Dem Liebenden erschließt sich die Seele des Geliebten, sie wird ihm offenbar. Er erschaut ihre Geheimnisse, er wird wissend durch die Liebe. Wer Weisheit hat, erschaut die Zusammenhänge und ergründet die Tiefen. Er weiß um das Einende in allen Wesen und sieht das Erhabene auch im Geringsten und das Ewige in jedem Wechsel. Er muß anbeten, er muß lieben.

 

Liebe und Weisheit - zwei Tore zu Gott.
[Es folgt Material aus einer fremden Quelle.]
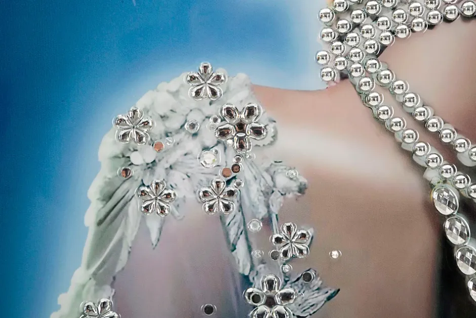 Cette peinture sur toile, encadrée dans un cadre en bois et un cadre en métal argenté, exprime une élégance et un raffinement intemporels. La figure féminine, ornée de fleurs et de bijoux scintillants, respire la grâce et le luxe. Parfaite pour les intérieurs raffinés, elle apporte une touche de charme et de féminité. Avec des applications en relief. Dimensions : 72 x 4 x 102 cm.
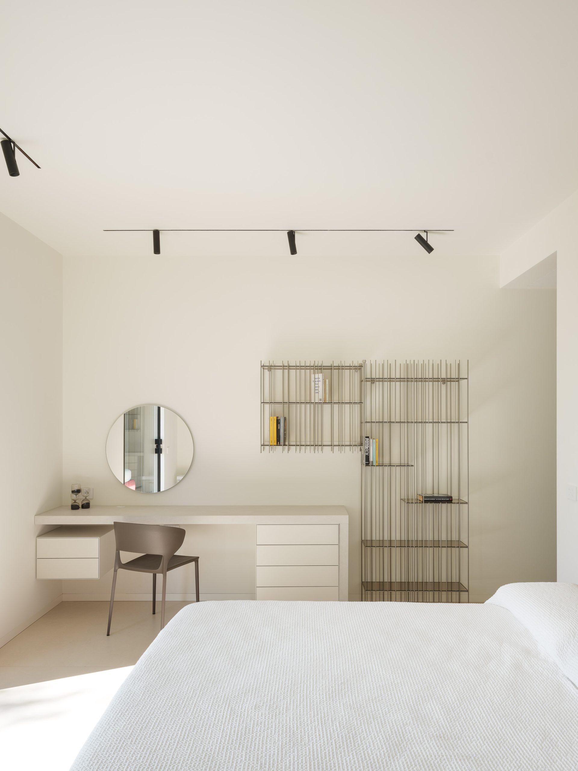 Gli arredi seguono lo stesso approccio ridotto all’essenziale: elementi funzionali, calibrati per lasciare spazio allo sguardo verso l’esterno.

Durch welches man

auch eingeht, man gelangt zu jenem Allgefühl, das beide, Liebe wie Weisheit, zu gleichen Teilen in sich schließt.

 

 

 

Hände, welche geben wollen,

L werden niemals leer.

Hände, welche heilen sollen,

sind von Segen schwer.

 

Herzen, die in Mitleid schlagen,

finden stets ein Wort,

brauchen gar nicht lang zu fragen,

nehmen Leid mit fort.

 

Lieben nur heißt wirklich leben,

schenket ändern Glück.

Wollet lieben, wollet geben -

Glück kommt euch zurück ...

 

 

Du in den Himmel erhobene Liebe auf Erden

weißt aus Begrenztheit zur seligen Allheit zu werden,

die der Verwandlung verliehenen Kräfte zu schenken,

tatlos die Taten der Liebe zu wirken im Denken,

waffenlos siegend und wortlos ihr Wissen verbreitend,

unversehrt staubige Straßen wie Gärten durchschreitend.

 

 

Liebe ist immer dieselbe,

'durch wessen Mund sie auch spricht,

durch wessen Hand sie dich segnet.

Wo immer sie dir begegnet,

erkenn deines Gottes Gesicht.

Die Liebe ist immer dieselbe.

 

 

Die Wunder wissen ihren Weg zu finden

Dienst der Liebenden. Sie überwinden

die Schranken, um sie tiefer zu verbinden.

Der Liebe ist kein Halt gesetzt,

durch sie wird kein Gebot verletzt,

mit dem der Mensch die eigne Macht beschränkte.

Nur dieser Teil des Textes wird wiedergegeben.